Give again, word for word, only the lines of the material below from its first line through the one that holds "2021年10月24日發布的"; pictures stay out.

■ **Recorded data**

****************

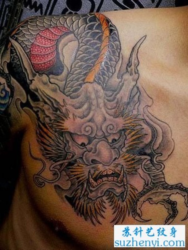 胸部披肩龙龙头纹身_龙纹身图案大全_纹身图吧
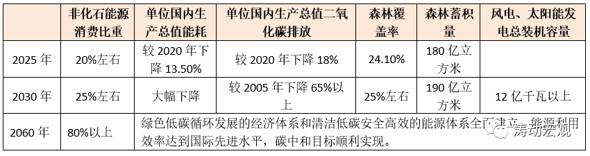 2021年10月24日發布的《關于完整準確全面貫徹新發展理念做好碳達峰碳中和工作的意見》明確了未來五年、十年與四十年的量化任務??梢钥闯?,2030年以前的非化石能源比重提升并不明顯,2030至2060年之間的三十年變化較大。
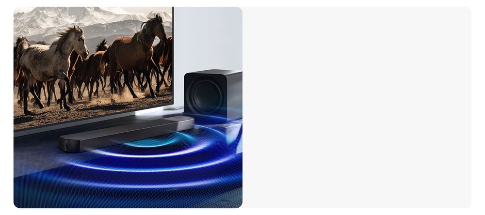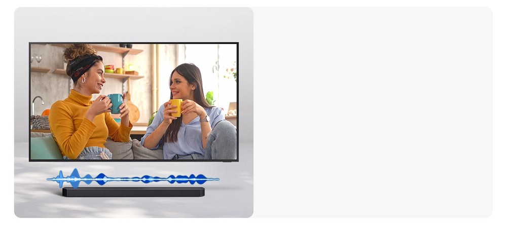 Un suono straordinario in perfetta sintonia con il tuo ambiente. La soundbar analizza lambiente e regola l'audio in base alle sue caratteristiche, ottimizzando anche i bassi, per ottenere un suono nitido e avvolgente.
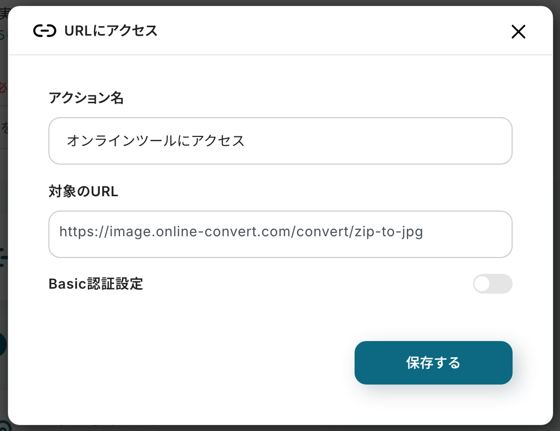 「1.URLにアクセス」では、対象のURLに任意のURLを入力して「保存する」をクリックします。

****************

■ **Output for this task**
 胸部披肩龙龙头纹身_龙纹身图案大全_纹身图吧
 2021年10月24日發布的《關于完整準確全面貫徹新發展理念做好碳達峰碳中和工作的意見》明確了未來五年、十年與四十年的量化任務??梢钥闯?,2030年以前的非化石能源比重提升并不明顯,2030至2060年之間的三十年變化較大。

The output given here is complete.